Run evaluation to view **mean_absolute_error**, **r2_score**, etc. Then use Gemini to explain a key metric to a non-technical audience.

**Gemini Explainer Prompt:**

```python
prompt =
```


In [1]:

eval_sql = f"SELECT * FROM ML.EVALUATE(MODEL `{PROJECT_ID}.superstore_data.flight_delay_predictor`)"
eval_df = client.query(eval_sql).result().to_dataframe()
eval_df


NameError: name 'PROJECT_ID' is not defined


---
## Explain Predictions (`ML.EXPLAIN_PREDICT`) — Why did the model predict that?

Author your own prompt to generate a query that explains a **hypothetical** case:  
> Predict the arrival delay for a 2000-mile flight with a 30-minute departure delay on carrier 'AA', and explain the top contributing features.

**Hint:** You’ll need a small input table with the required features.

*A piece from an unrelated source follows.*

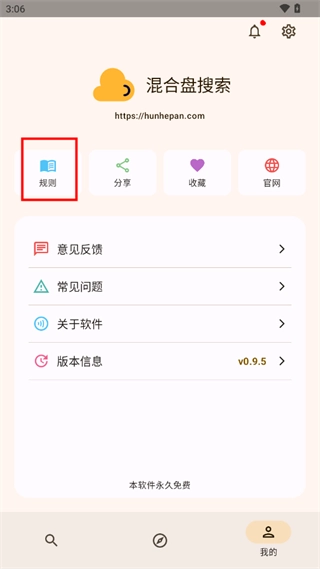 1、在本站安装混合盘后,进入“我的”页面,点击“规则”

> **Your Gemini prompt (write in the next cell):**  
> *Ask for a full `ML.EXPLAIN_PREDICT` example for this model and scenario, returning top features.*


In [None]:
# Example scaffold: fill in the SELECT for your hypothetical instance
explain_sql = f"""
SELECT *
FROM ML.EXPLAIN_PREDICT(
  MODEL `{PROJECT_ID}.superstore_data.flight_delay_predictor`,
  (SELECT
     30.0 AS tripduration, -- Hypothetical trip duration in minutes
     TIMESTAMP('2023-10-27 08:00:00+00') AS starttime, -- Hypothetical start time
     TIMESTAMP('2023-10-27 08:30:00+00') AS stoptime,  -- Hypothetical stop time
     '316' AS start_station_id, -- Hypothetical start station ID
     '435' AS end_station_id,   -- Hypothetical end station ID
     '20000' AS bikeid,         -- Hypothetical bike ID
     'Subscriber' AS usertype,  -- Hypothetical user type
     1990 AS birth_year,      -- Hypothetical birth year
     'Male' AS gender           -- Hypothetical gender
  ),
  STRUCT(3 AS top_k_features)
)
"""
explain_df = client.query(explain_sql).result().to_dataframe()
explain_df

Unnamed: 0,predicted_tripduration,top_feature_attributions,baseline_prediction_value,prediction_value,approximation_error,tripduration,starttime,stoptime,start_station_id,end_station_id,bikeid,usertype,birth_year,gender
0,620.513539,"[{'feature': 'starttime', 'attribution': 288.2...",53.131792,620.513539,0.0,30.0,2023-10-27 08:00:00+00:00,2023-10-27 08:30:00+00:00,316,435,20000,Subscriber,1990,Male



---
## ✅ Deliverable for Lab 4

- Completed `Lab4_Regression_BQML.ipynb` with:
  - Brainstormed features + rationale
  - `CREATE MODEL` SQL
  - `ML.EVALUATE` output and explanation
  - `ML.EXPLAIN_PREDICT` output (hypothetical case)
- Push to **GitHub** and submit the link on **Brightspace**.